→ Work request
Over all lines in the data below, count those holding "become" and give only the result.

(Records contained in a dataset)
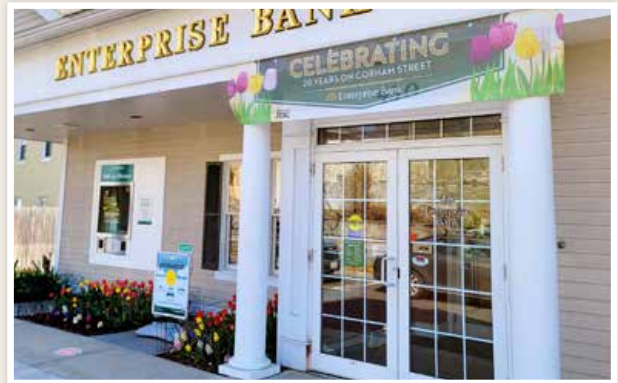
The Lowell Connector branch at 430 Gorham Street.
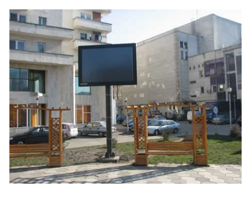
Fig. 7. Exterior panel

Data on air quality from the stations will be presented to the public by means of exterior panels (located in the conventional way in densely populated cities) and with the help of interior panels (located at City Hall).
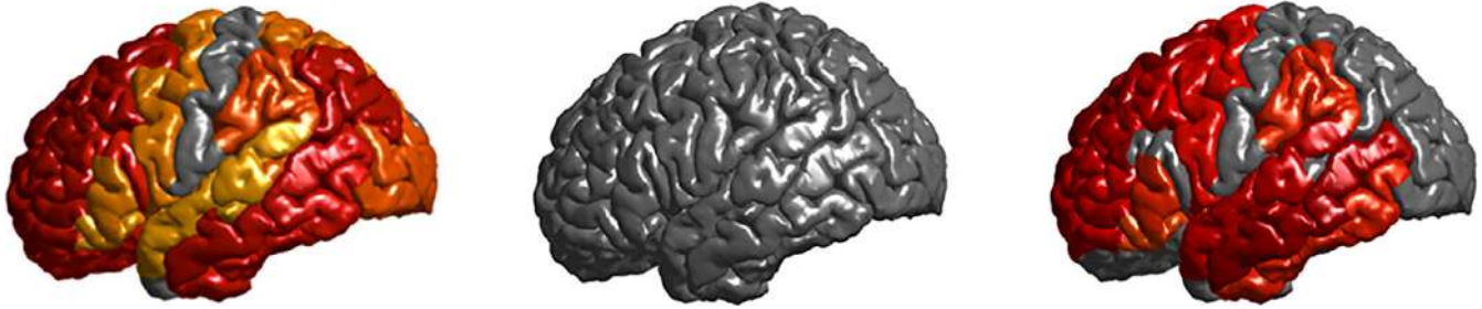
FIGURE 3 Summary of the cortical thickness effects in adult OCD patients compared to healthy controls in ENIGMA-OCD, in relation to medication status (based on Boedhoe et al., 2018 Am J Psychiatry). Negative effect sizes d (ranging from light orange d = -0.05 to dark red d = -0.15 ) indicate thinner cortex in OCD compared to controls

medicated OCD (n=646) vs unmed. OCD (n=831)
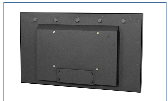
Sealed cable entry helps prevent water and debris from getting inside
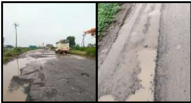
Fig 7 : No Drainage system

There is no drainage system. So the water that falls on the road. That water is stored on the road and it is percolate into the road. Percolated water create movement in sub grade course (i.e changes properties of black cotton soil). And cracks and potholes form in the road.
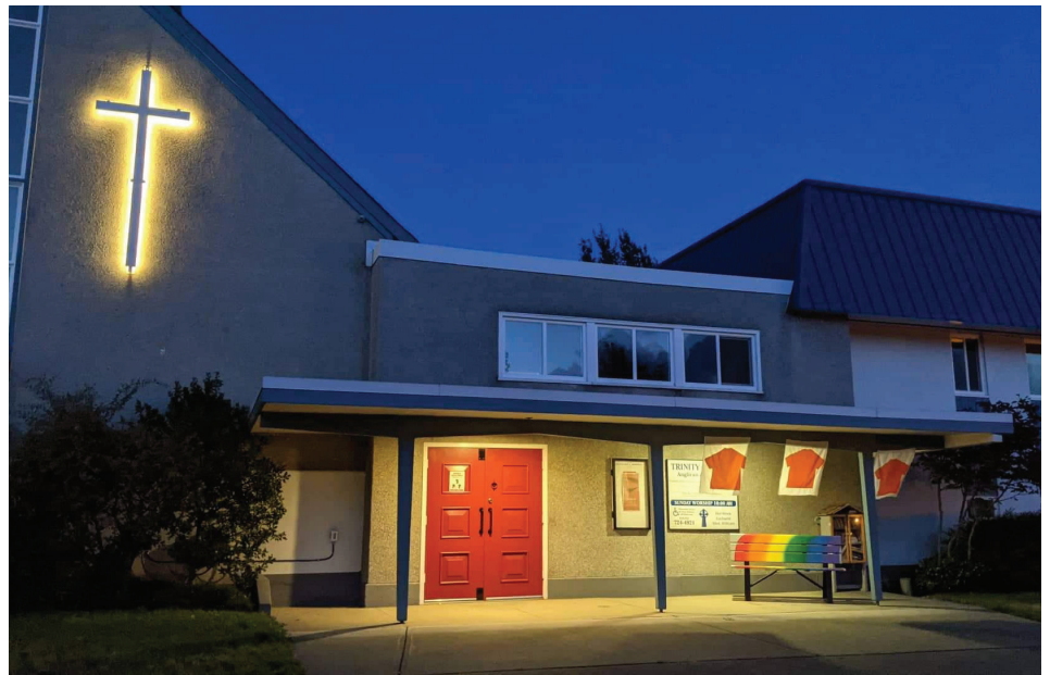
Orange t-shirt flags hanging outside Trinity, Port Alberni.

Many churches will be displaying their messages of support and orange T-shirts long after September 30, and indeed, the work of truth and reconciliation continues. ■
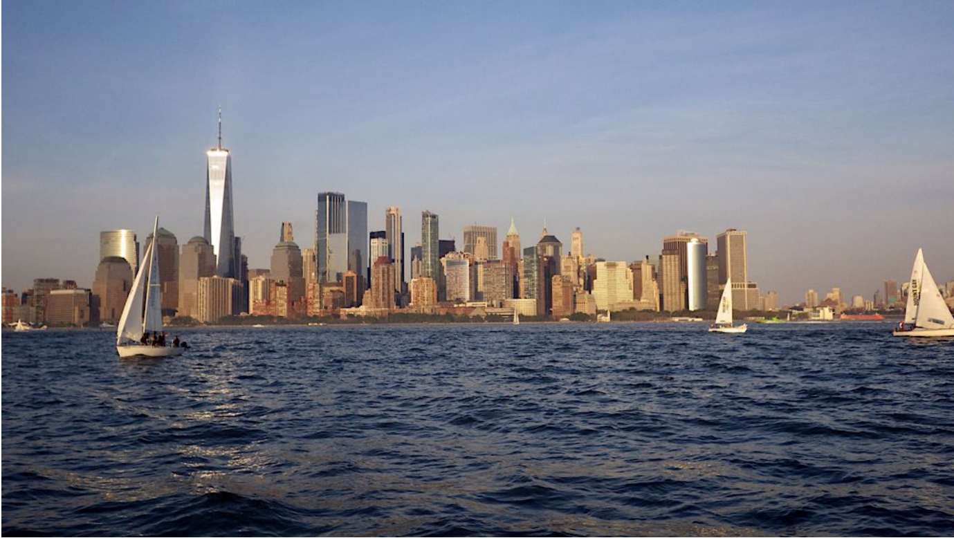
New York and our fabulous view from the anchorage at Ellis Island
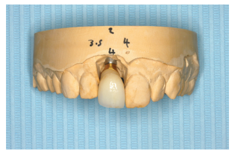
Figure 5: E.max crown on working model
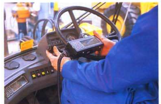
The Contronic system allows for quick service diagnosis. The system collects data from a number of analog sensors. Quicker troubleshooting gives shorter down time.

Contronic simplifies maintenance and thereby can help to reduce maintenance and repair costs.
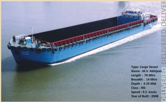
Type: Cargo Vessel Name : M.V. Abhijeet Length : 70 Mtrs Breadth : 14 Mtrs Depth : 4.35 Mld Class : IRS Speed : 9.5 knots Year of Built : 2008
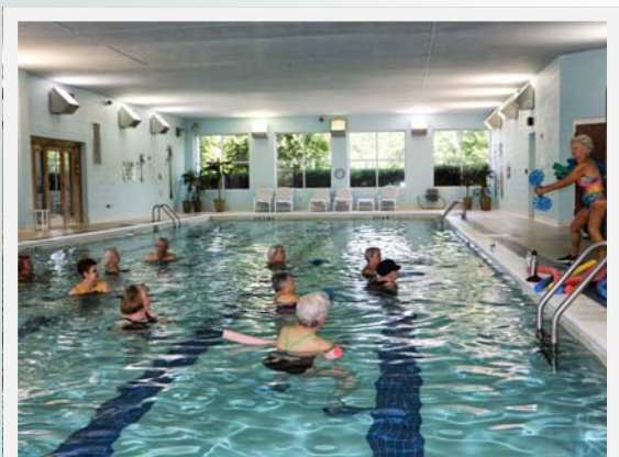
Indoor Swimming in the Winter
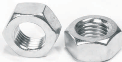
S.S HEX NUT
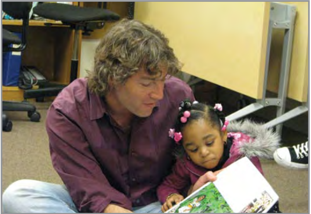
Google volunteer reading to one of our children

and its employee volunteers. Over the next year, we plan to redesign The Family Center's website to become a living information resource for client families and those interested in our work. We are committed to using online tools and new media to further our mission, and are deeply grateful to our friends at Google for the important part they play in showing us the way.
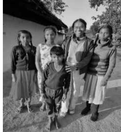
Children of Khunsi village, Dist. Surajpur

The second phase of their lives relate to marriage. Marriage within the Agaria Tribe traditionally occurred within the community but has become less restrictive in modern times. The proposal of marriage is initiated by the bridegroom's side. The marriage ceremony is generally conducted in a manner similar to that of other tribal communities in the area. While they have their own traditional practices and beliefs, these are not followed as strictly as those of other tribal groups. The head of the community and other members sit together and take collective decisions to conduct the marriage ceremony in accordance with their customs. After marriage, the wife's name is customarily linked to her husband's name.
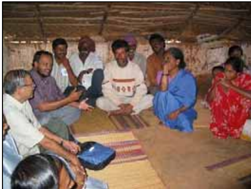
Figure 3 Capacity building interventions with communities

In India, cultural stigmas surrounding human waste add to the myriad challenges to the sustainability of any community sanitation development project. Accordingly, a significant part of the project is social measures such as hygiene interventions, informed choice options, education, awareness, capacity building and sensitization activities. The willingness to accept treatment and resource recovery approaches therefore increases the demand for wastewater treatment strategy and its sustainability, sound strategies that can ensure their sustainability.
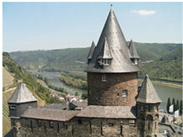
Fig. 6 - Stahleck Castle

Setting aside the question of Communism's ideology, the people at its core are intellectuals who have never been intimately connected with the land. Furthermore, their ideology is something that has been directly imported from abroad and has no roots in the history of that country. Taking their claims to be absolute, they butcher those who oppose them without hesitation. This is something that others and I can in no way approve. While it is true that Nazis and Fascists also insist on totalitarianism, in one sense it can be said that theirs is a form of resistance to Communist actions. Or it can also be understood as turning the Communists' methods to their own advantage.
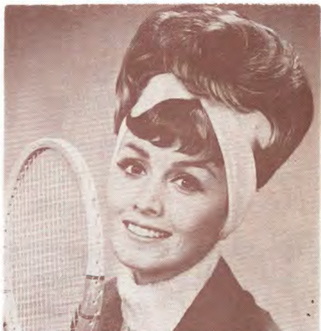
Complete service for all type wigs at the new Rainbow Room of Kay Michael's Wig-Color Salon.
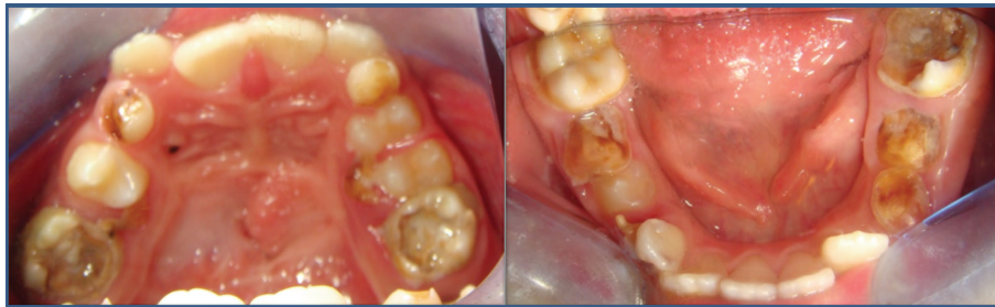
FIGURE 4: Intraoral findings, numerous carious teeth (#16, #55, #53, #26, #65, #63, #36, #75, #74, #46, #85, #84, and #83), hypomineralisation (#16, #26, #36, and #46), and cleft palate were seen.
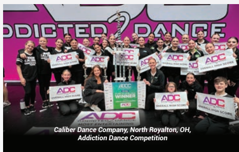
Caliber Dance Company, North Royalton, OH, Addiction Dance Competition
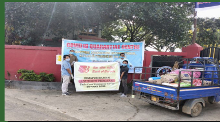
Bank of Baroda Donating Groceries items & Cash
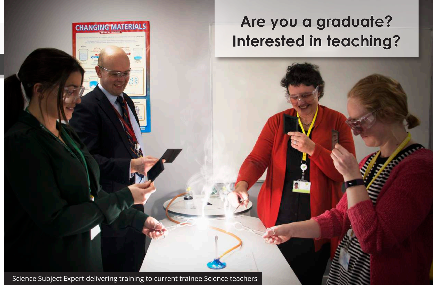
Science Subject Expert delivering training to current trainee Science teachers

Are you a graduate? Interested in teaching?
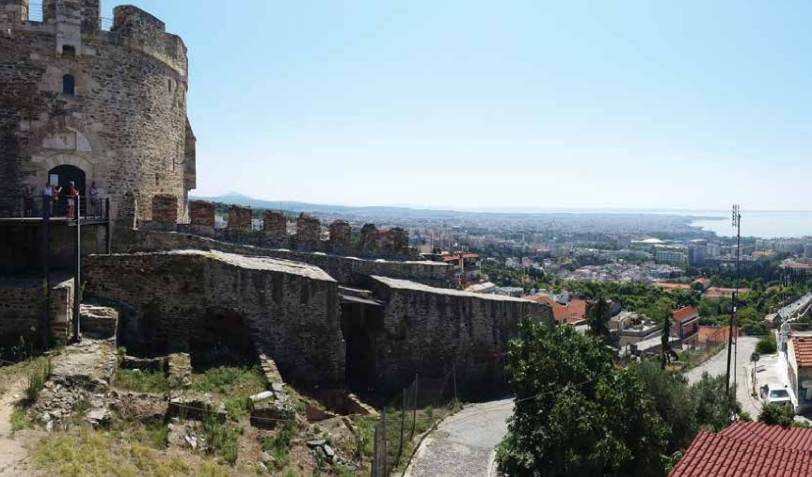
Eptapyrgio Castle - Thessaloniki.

→ Result of the task
2